No less than twenty-eight separate determinations of the atomic weight of cerium have been carried out. The earlier determinations are rendered unreliable by the almost certain presence of other elements, and Brauner[220] has shown that some of the methods employed in later work give erroneous results.
[220] Trans. Chem. Soc. 1885, 47, 879; also Zeitsch. anorg. Chem. 1903, 34, 207.

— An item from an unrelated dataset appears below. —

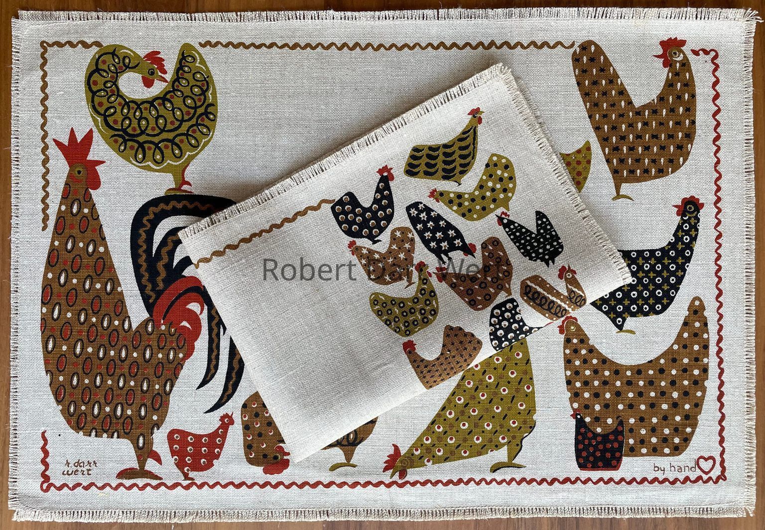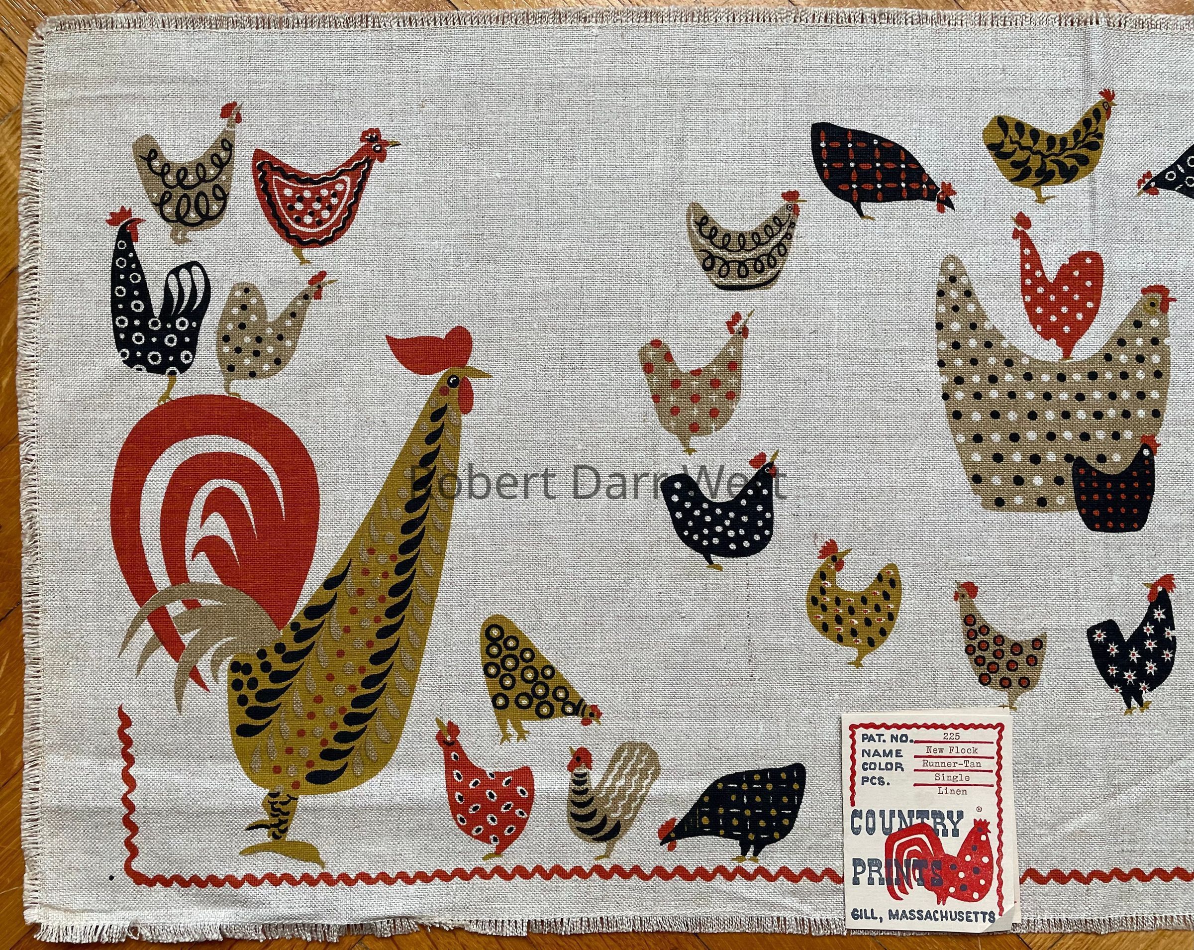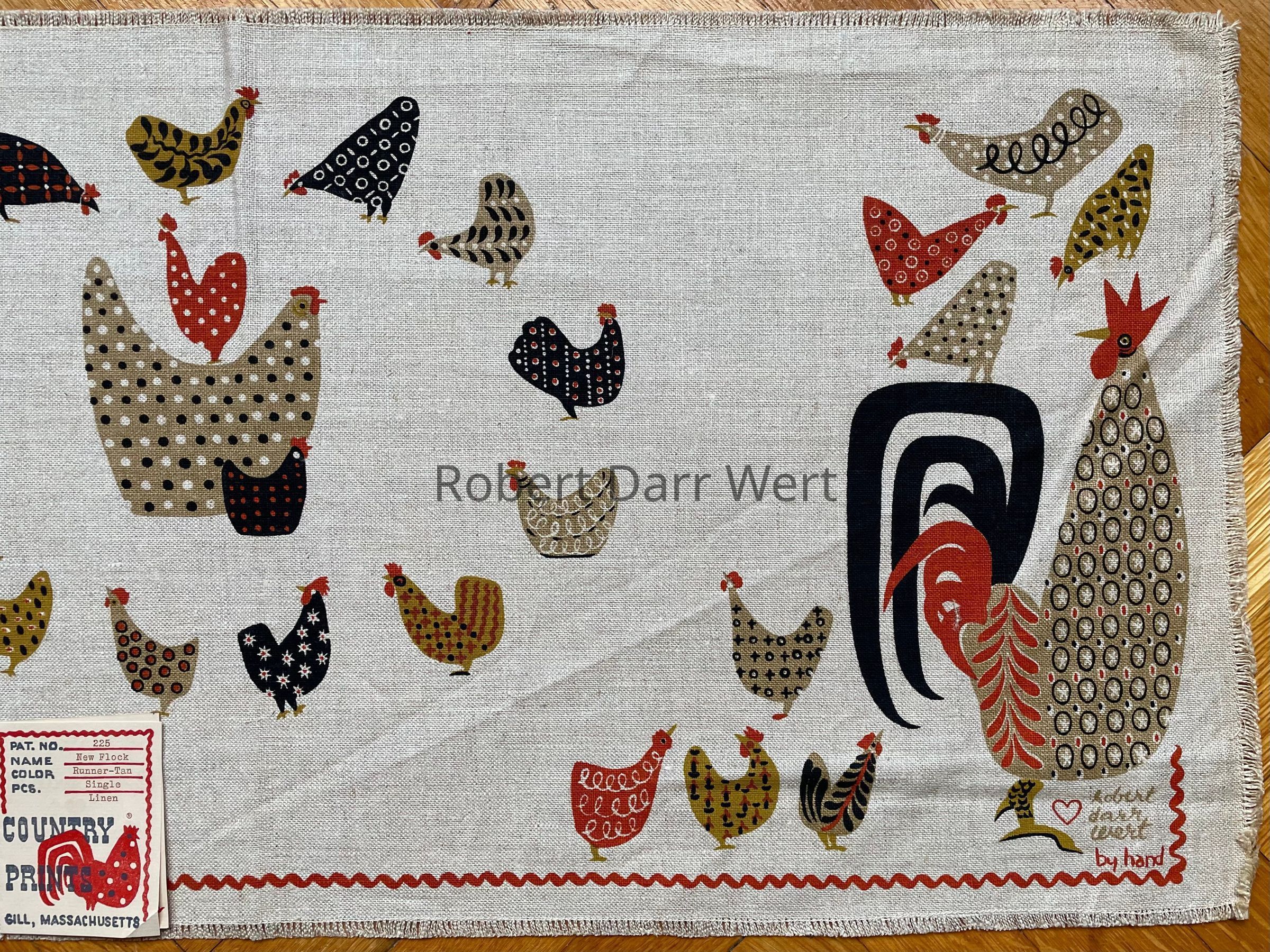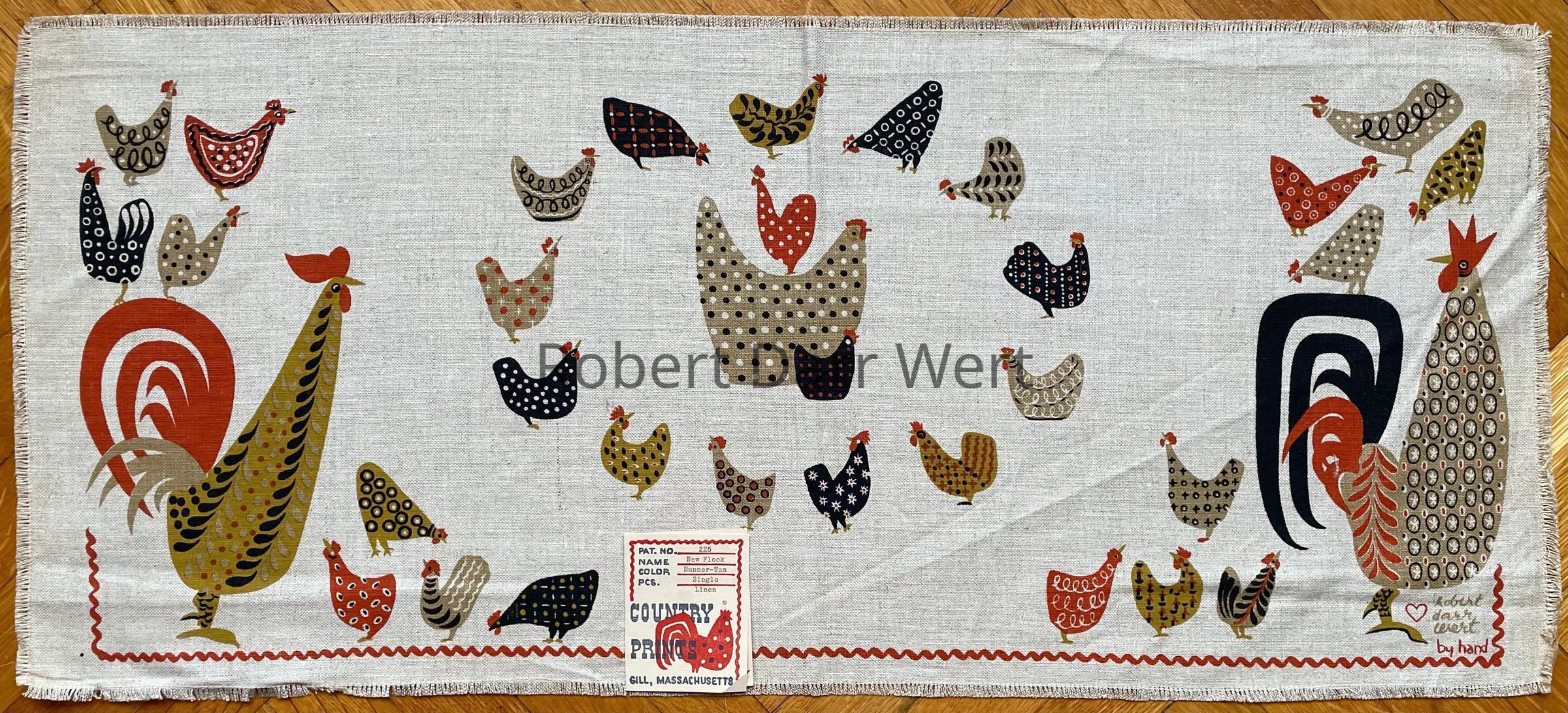 A table runner with a four-color silkscreen print on natural linen depicting thirty-four roosters and hens scattered across an imaginary farmyard. Roosters watch over their flock from the lower right and left corners. All birds are superimposed with Wert’s interpretation of calico print patterns.

A very careful determination was made by Robinson in 1884.[221] Cerium oxalate was heated in a stream of dry hydrogen chloride, mixed with carbon dioxide, and the anhydrous chloride freed from traces of acid in a vacuum over chalk. The weighed chloride was then dissolved in water, and titrated with silver nitrate. He obtained the value 140·26; recalculation from his data with the modern values for silver and chlorine give 140·19. Brauner points out that this result is too low, since no account was taken of the solubility of silver chloride in water. In the following year, Brauner[222] determined the ratio Ce₂(SO₄)₃ : 2CeO₂, and obtained the atomic weight 140·22. Wyrouboff and Verneuil[223] in 1897 disputed Brauner’s work, and as a result of several determinations gave the values 139·21, 139·43, and 139·50; their determinations, however, varied very considerably, and the work has been severely criticised by Brauner. In 1903, the latter author and Batěk[224] obtained the values 140·21 and 140·27 by the sulphate and oxalate methods respectively; whilst in the same year, using the same methods, Brauner[225] obtained from three independent series of determinations the values 140·25, 140·24, and 140·25.
[221] Proc. Roy. Soc. 1884, 37, 150.
[222] Loc. cit.
[223] Compt. rend. 1897, 124, 1300.
[224] Zeitsch. anorg. Chem. 1903, 34, 103.
[225] Zeitsch. anorg. Chem. 1903, 34, 207.
The International Atomic Weight Committee have accepted the value 140·25 since 1904.